Whilst there is great optimism that increasing access to antiretroviral treatment in the region will reduce infection incidence, there is also recognition that epidemic control will not be achieved without a substantial and sustained scale-up of additional primary prevention resources [1]. There are challenges to HIV prevention in resource-limited settings that a vaccine alone is well positioned to meet. These include the rate of HIV infections and the scale and complexity of the HIV epidemic in the region, juxtaposed with ailing health systems ill equipped to respond effectively. Challenges with antiretroviral drug therapy adherence, poor linkage to care following diagnosis, multiple and diverse vulnerable populations who require population-specific services (such as women, adolescents, and men who have sex with men [MSM]), stigma, and discrimination, as well as generally limited health care facilities and human capital, impair the region’s capacity to manage the scale of the epidemic.
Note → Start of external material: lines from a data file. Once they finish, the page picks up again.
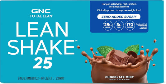 High Protein Chocolate Mint Meal Replacement Shake - GNC Lean Shake 25 Ready to Drink | 12 Bottles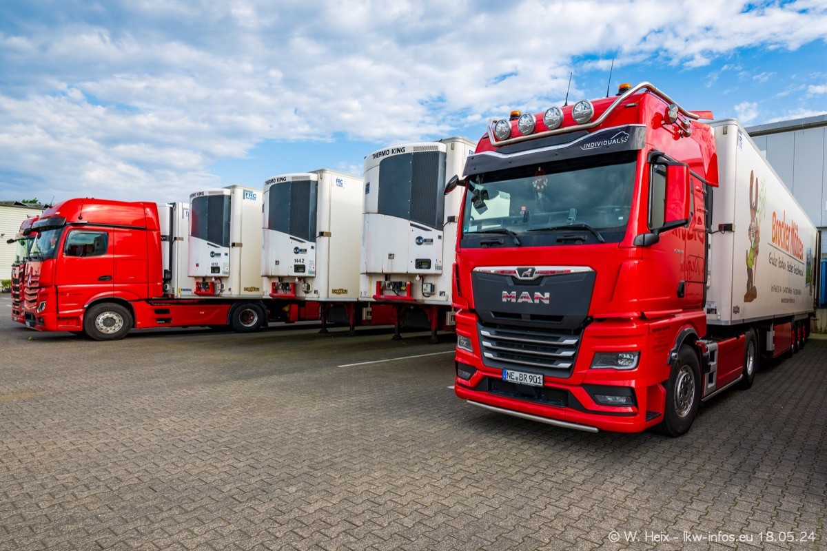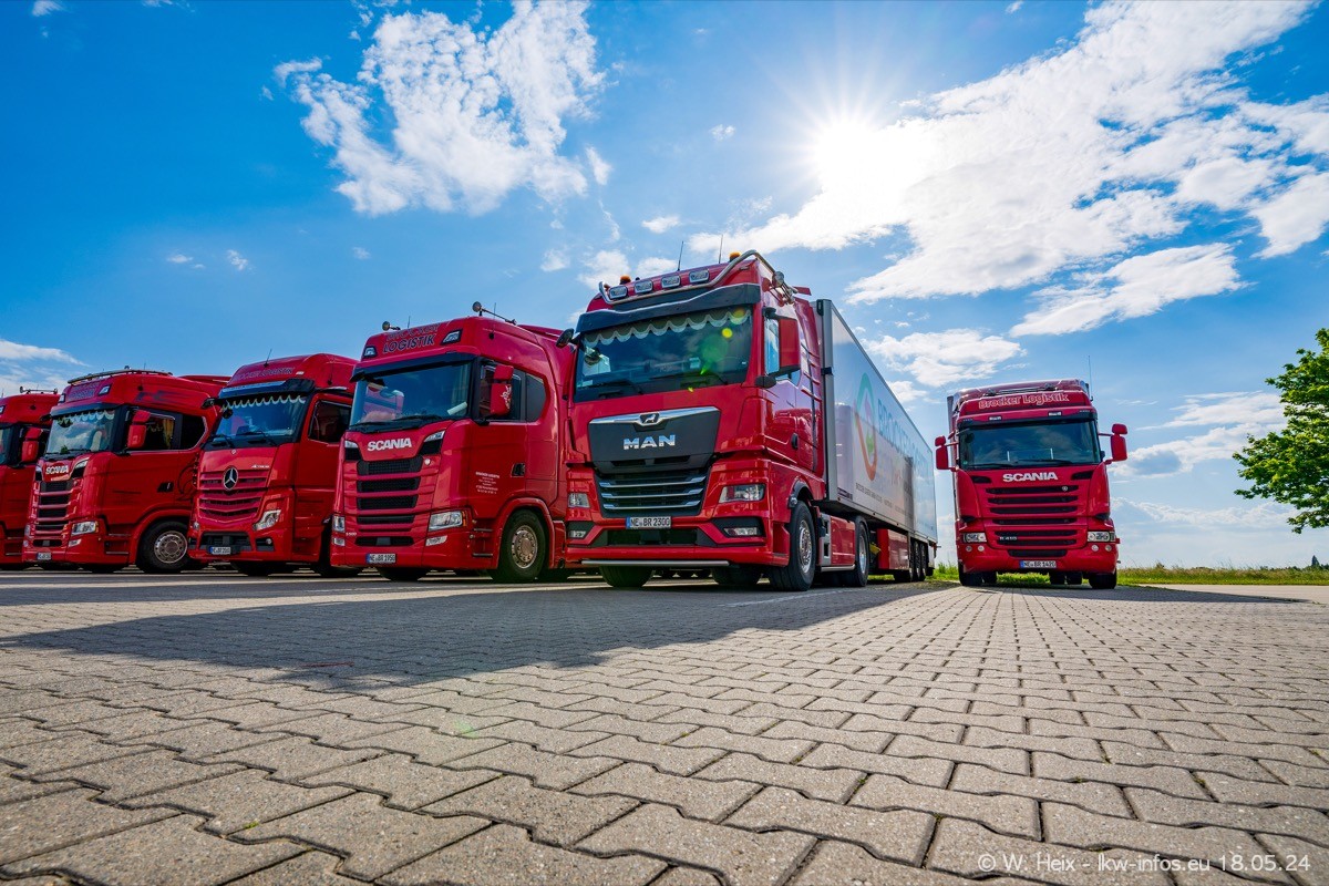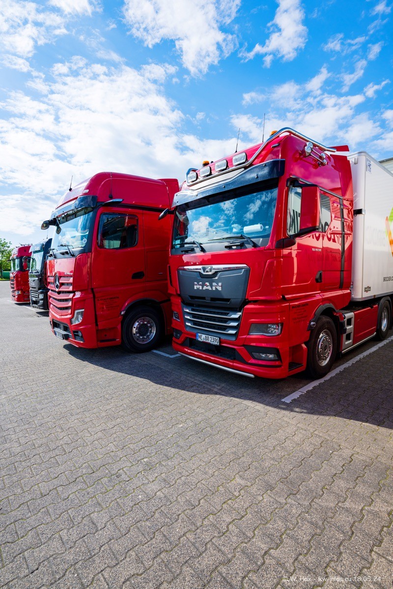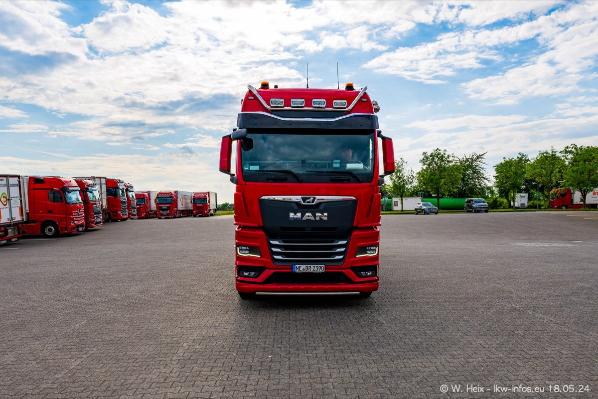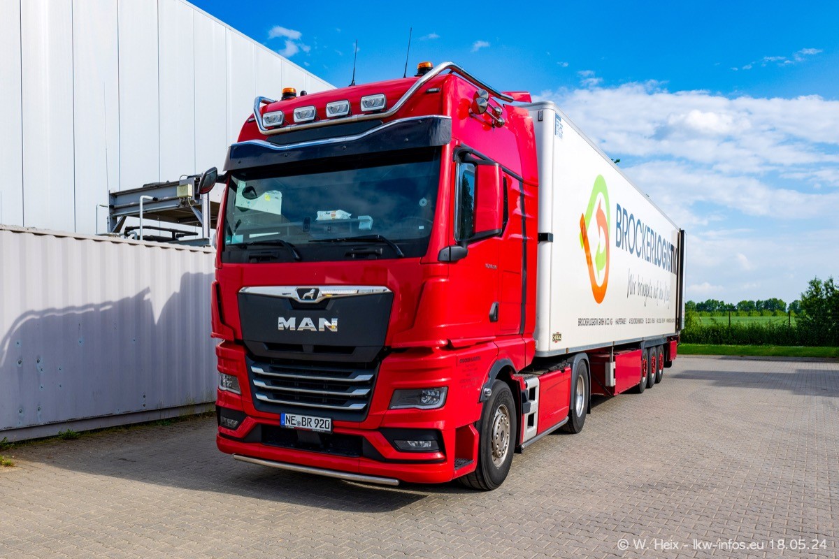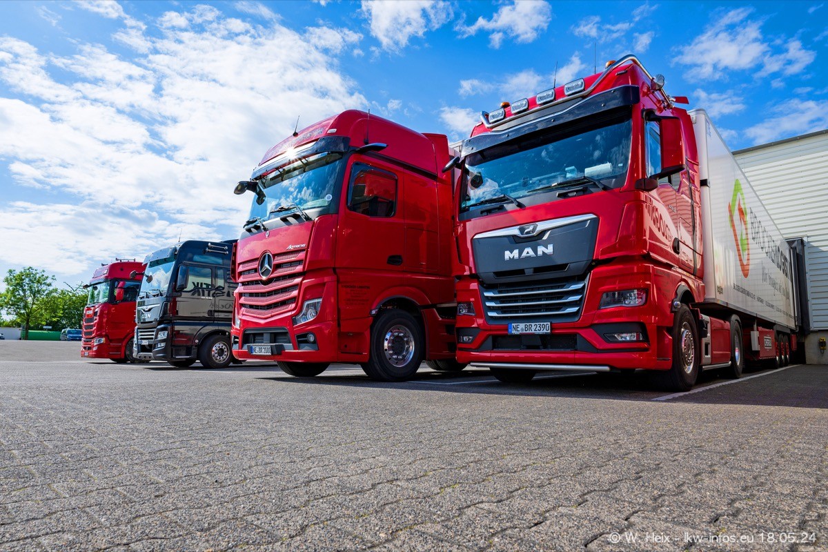 Nach über fünf Jahren war ich wieder bei Brocker Logistik in Korschenbroich. Diesmal wurde ich zu einem kleinen Fotoshooting eingeladen. Am späten Samstag Nachmittag war fast der komplette Fuhrpark zuhause. Das sind aktuell 38 LKW. Zwei fehlten. Zum 10-jährigen Firmenjubiläum wurde im März ein SCANIA 660 S V8 NextGen gekauft. Dieser ist etwas aufwändiger gestaltet als der restliche Fuhrpark, der sich aber auch sehen lassen kann. Auf dem weitläufigen Gelände gab es genug schöne Plätze für dieses kleine Fotoshooting.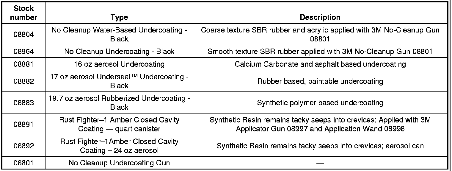 Below is a listing of Undercoat coatings and Closed Cavity coatings that GM believes to be reliable. While others may exist, we have found these products, or equivalents to them, can be used with satisfactory results. Always use these products according to their manufacturer's recommendations.
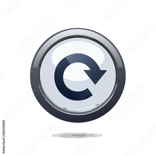 Shiny metal round button with circular arrow indicating refresh, reload, or repeat functionality.
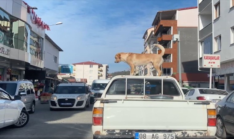 Artvin’in Kemalpaşa ilçesinde sahibinin kamyonetinin tavanında seyahat eden köpek ilçenin maskotu haline geldi.

Even with the success of pre-exposure prophylaxis (PrEP) demonstration projects and the encouraging results emerging, the extent of protection relies on fidelity to adherence, continuous uninterrupted access, and sustainable resources for provision [4]. It is well documented that in resource-restricted areas, where education levels and access to health care are low, reliance on behavioural and structural support is also an enormous challenge. A vaccine, even if partially effective, is a way of filling these prevention gaps in a cost-effective manner. Whilst countries in this region must find ways to access all the available opportunities that the modern HIV prevention toolkit has on offer, such a vaccine could significantly change the prevention landscape.
The RV144 HIV vaccine trial and links to further trials
Importantly, a partially efficacious vaccine such as the one described in the recent modelling study has already been demonstrated. The RV144 vaccine trial was conducted amongst 16,395 heterosexual HIV-uninfected Thai adults using an ALVAC-HIV and AIDSVAX B/E gp120 boost regimen, and RV144 was the first vaccine to show any efficacy in reducing HIV acquisition, with a 60.5% (95% CI 22–80) efficacy within 12 months and a 31.2% (95% CI 1.1–52.1) efficacy after 3.5 years [5].Thailand is dominated by an HIV clade B/E epidemic, and as the RV144 vaccine was designed to meet the criterion of protection against this HIV clade, it was vital to consider whether this vaccine regimen would bring about equivalent results in other clades. In particular, clade C is of interest as just under half of HIV-infected individuals possess this subtype. The HVTN 097 study replicated the RV144 vaccine regimen in South Africa, a clade C-dominated region, and compared cellular and humoral responses to age- and sex- matched RV144 Thai participants. The investigators found that, despite large differences between participant population ethnicity, HIV clade, and predominant mode of transmission, the response rates were equivalent if not greater than those induced in the Thai study [6]. A parallel study (HVTN 100) developed a clade C ALVAC-HIV and bivalent subtype C gp120/MF59 vaccine for specific use in clade C-dominant regions, and conducted a similar phase 1–2 preventative vaccine trial in low-risk South African adults [7]. Preliminary results suggest a strong vaccine-induced immune response, greater than that seen in the RV144 regimen, giving the green light to advance further development of this vaccine regimen in a pivotal phase IIb/III clinical trial (HVTN 702), which commenced in November 2016 in South Africa. HVTN 702 will evaluate the vaccine’s efficacy, tolerability, and safety in 5,400 HIV-uninfected adults over 24 months [8].